#### EXERCISE GOAL
The result should be an exact copy of the data, free of pictures.

[Dataset items]
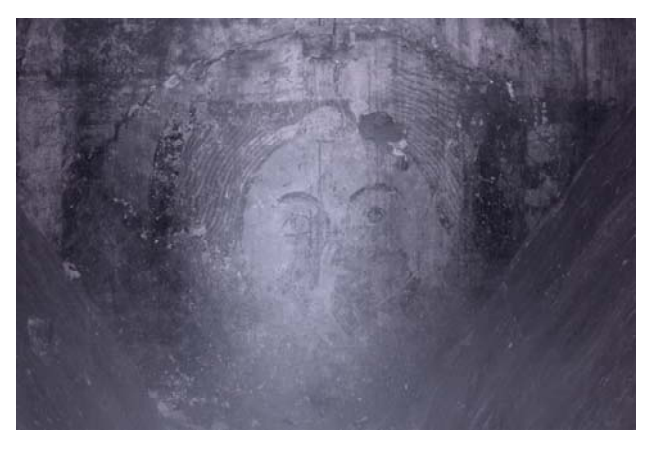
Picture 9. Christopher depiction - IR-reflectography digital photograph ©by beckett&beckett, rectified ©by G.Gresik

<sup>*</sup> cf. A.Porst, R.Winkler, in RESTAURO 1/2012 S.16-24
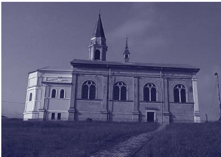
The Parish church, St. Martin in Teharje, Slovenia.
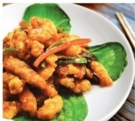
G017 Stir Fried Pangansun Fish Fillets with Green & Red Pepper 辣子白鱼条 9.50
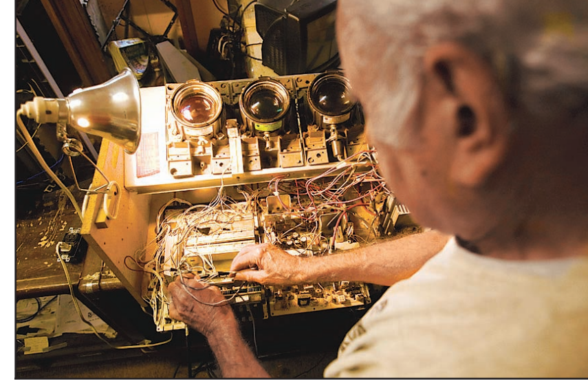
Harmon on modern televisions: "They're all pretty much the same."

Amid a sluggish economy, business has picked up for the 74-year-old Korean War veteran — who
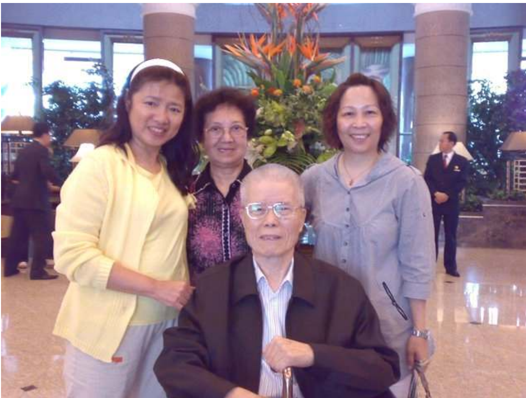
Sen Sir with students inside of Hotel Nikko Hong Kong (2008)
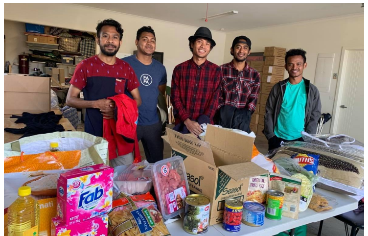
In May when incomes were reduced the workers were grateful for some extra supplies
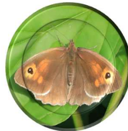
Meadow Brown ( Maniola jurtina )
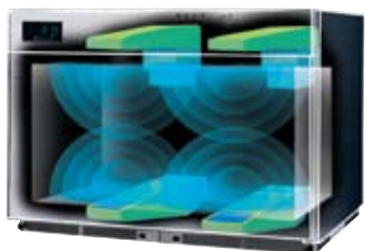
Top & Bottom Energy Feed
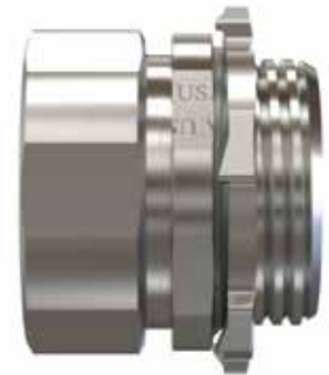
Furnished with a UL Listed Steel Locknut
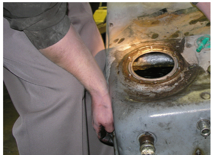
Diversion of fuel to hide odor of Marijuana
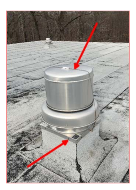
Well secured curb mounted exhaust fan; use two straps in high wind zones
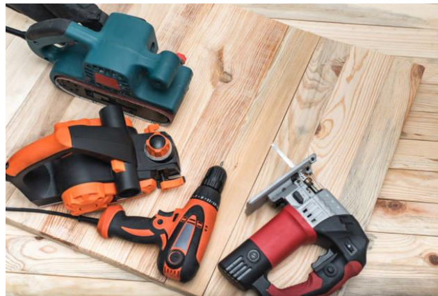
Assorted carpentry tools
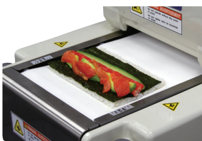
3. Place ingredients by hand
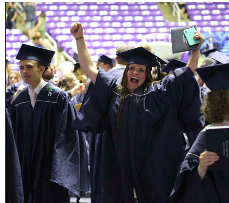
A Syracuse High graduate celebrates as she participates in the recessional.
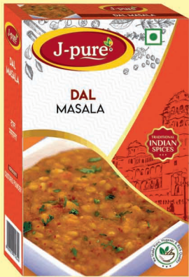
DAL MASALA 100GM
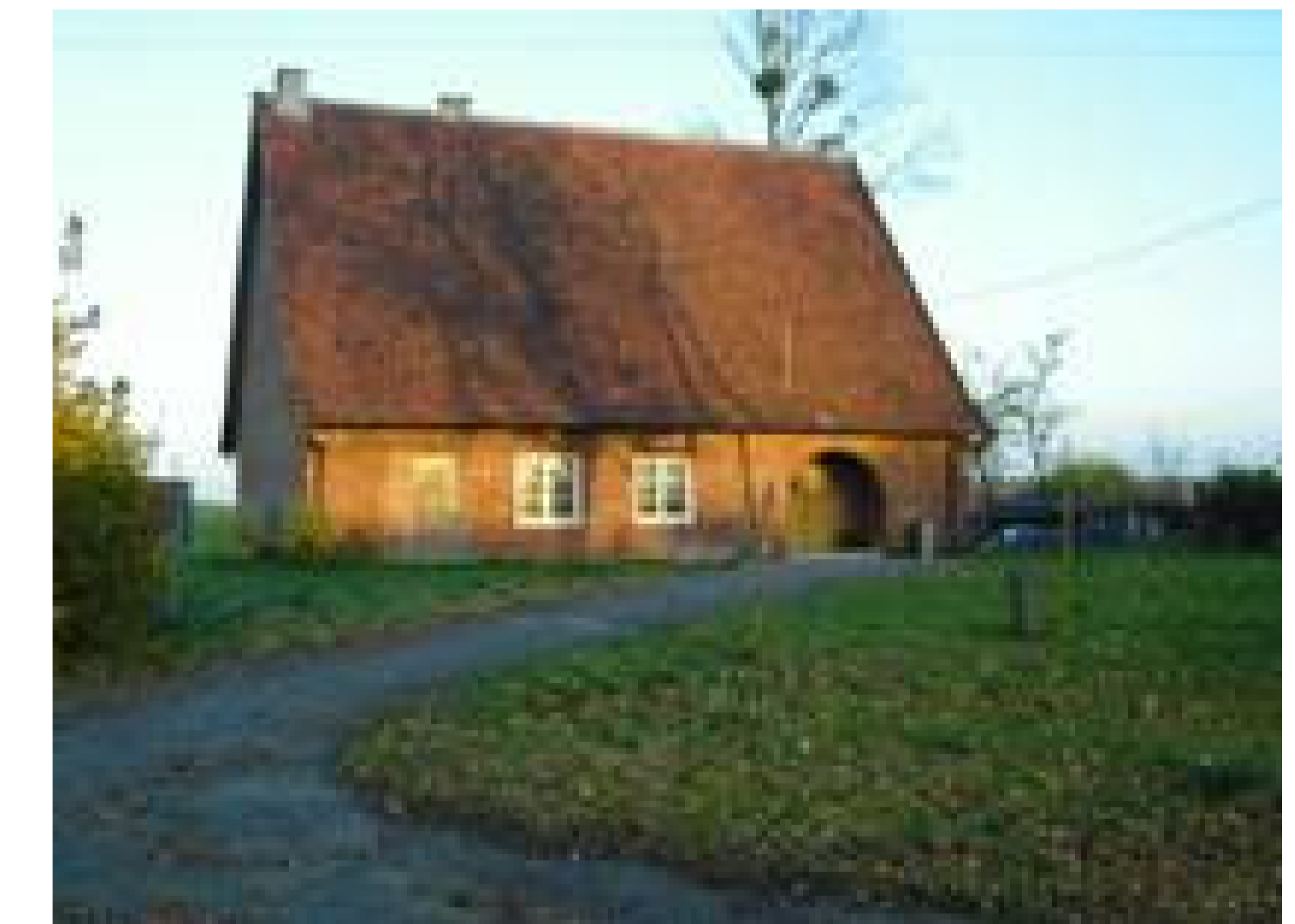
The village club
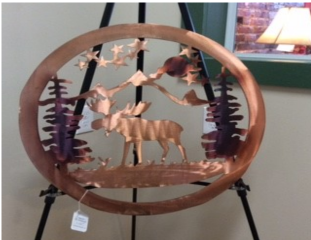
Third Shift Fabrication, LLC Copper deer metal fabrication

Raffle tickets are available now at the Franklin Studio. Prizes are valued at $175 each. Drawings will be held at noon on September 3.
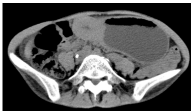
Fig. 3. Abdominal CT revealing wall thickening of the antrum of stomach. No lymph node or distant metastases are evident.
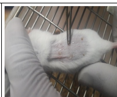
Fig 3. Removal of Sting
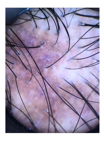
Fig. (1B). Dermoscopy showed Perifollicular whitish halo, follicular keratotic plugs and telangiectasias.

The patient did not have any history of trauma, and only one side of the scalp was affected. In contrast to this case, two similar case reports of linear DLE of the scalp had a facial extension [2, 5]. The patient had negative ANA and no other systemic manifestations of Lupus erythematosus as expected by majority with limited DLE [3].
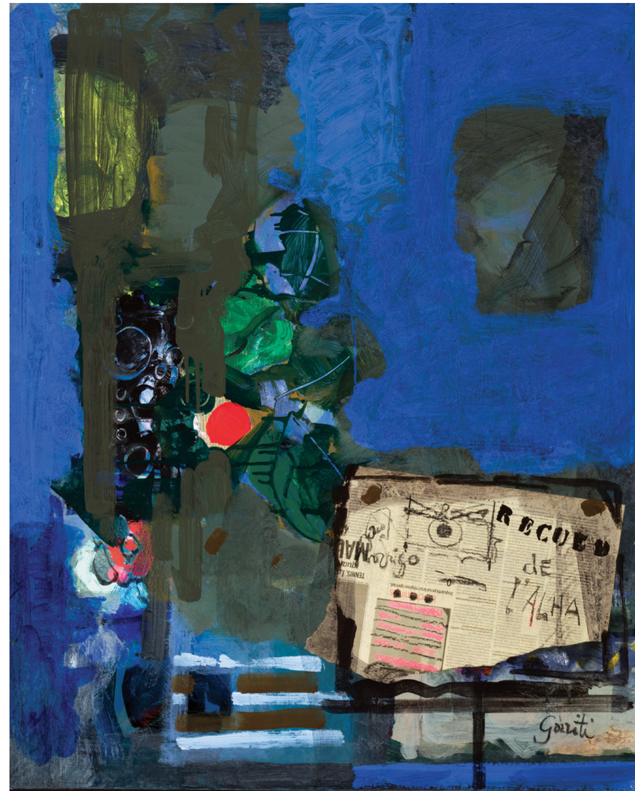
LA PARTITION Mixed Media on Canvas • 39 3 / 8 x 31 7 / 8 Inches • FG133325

#### TASK OUTPUT
Picture 9. Christopher depiction - IR-reflectography digital photograph ©by beckett&beckett, rectified ©by G.Gresik

<sup>*</sup> cf. A.Porst, R.Winkler, in RESTAURO 1/2012 S.16-24
The Parish church, St. Martin in Teharje, Slovenia.
G017 Stir Fried Pangansun Fish Fillets with Green & Red Pepper 辣子白鱼条 9.50
Harmon on modern televisions: "They're all pretty much the same."

Amid a sluggish economy, business has picked up for the 74-year-old Korean War veteran — who
Sen Sir with students inside of Hotel Nikko Hong Kong (2008)
In May when incomes were reduced the workers were grateful for some extra supplies
Meadow Brown ( Maniola jurtina )
Top & Bottom Energy Feed
Furnished with a UL Listed Steel Locknut
Diversion of fuel to hide odor of Marijuana
Well secured curb mounted exhaust fan; use two straps in high wind zones
Assorted carpentry tools
3. Place ingredients by hand
A Syracuse High graduate celebrates as she participates in the recessional.
DAL MASALA 100GM
The village club
Third Shift Fabrication, LLC Copper deer metal fabrication

Raffle tickets are available now at the Franklin Studio. Prizes are valued at $175 each. Drawings will be held at noon on September 3.
Fig. 3. Abdominal CT revealing wall thickening of the antrum of stomach. No lymph node or distant metastases are evident.
Fig 3. Removal of Sting
Fig. (1B). Dermoscopy showed Perifollicular whitish halo, follicular keratotic plugs and telangiectasias.

The patient did not have any history of trauma, and only one side of the scalp was affected. In contrast to this case, two similar case reports of linear DLE of the scalp had a facial extension [2, 5]. The patient had negative ANA and no other systemic manifestations of Lupus erythematosus as expected by majority with limited DLE [3].
LA PARTITION Mixed Media on Canvas • 39 3 / 8 x 31 7 / 8 Inches • FG133325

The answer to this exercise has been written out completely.